# Fantastic Motorcycle Exhibition at SFO San Francisco Airport!



## New Mexico Brant (Aug 2, 2021)

If you get a chance go visit the motorcycle exhibit at the A Terminal (international) of the San Francisco Airport. It is up until September 19th, 2021.  Free to visit besides parking, it is located in the ticketing area so you do not need to go through security (or need a plane ticket).  Thank you to Jason Z for the heads up!

My favorite bike is the untouched “as found” Yale.  Original paint, tires, and Yale grips; only a couple wires seem to be replaced.  
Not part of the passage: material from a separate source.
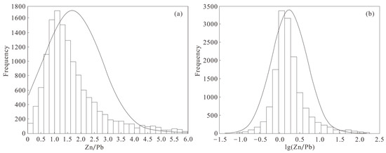 Figure 8. The lg(Zn/Pb) values are similar to a symmetrical distribution, and thus the lg(Zn/Pb) values were used for the semivariogram analysis.

Can someone please tell me why motorcycle restoration people take such short cuts on the pedals? Repop Torrington 10’s, Chinese repop Standards, and post war white blocks just look so gross on these machines worth tens of thousands + machines.  It makes one wonder what else is completely wrong and incorrect with these bikes.  

Sorry for the photos, it was very hard to take pictures with the background glare.  

Still worth the visit!


----------



## New Mexico Brant (Aug 2, 2021)

More pictures:


----------



## New Mexico Brant (Aug 2, 2021)

Final pictures:


----------



## Jesse McCauley (Aug 2, 2021)

I get stuck in all the wrong airports -


----------



## Balloonoob (Aug 2, 2021)

That's quite an exhibit. Thanks for sharing! Wish I could see it. I'm sure in some cases someone took the original pedals, tires, and probably a seat or some grips and swapped them out for repops.  I imagine many of the older motorcycles that don't make it to wheels through time or get prepared for the annual 100 year old motorcycle race are never expected by owners or museums to actually run and ride.  May as well leave what's left of the original machine for display instead.


----------



## cyclingday (Aug 2, 2021)

Nice!
Thanks, for the tour, Brant.


----------



## TrustRust (Aug 2, 2021)

Nice display !!
I totally hear you on the pedal thing Brant..
It’s made me mental for decades lol !!
It’s the first damn thing I look at on pedal era motorcycles 🤪🤦🏻‍♂️🙄


----------



## GiovanniLiCalsi (Aug 2, 2021)

I’m planning to visit the exhibition!
Thanks for posting!

SFO is providing free shuttle bus rides from the *South San Francisco Ferry Terminal to the airport*. ... The SFO Ferry Connector Bus will meet each weekday morning ferry arrival in South San Francisco and transport passengers to the International Terminal at SFO in less than a half-hour.


----------



## Freqman1 (Aug 2, 2021)

That trio of board trackers gets my attention! Is this someone's private collection or on loan from a museum? I'm gonna have to make a trip back to Maggie Valley this fall but it won't be the same without Dale there. V/r Shawn


----------



## New Mexico Brant (Aug 2, 2021)

Freqman1 said:


> ! Is this someone's private collection or on loan from a museum?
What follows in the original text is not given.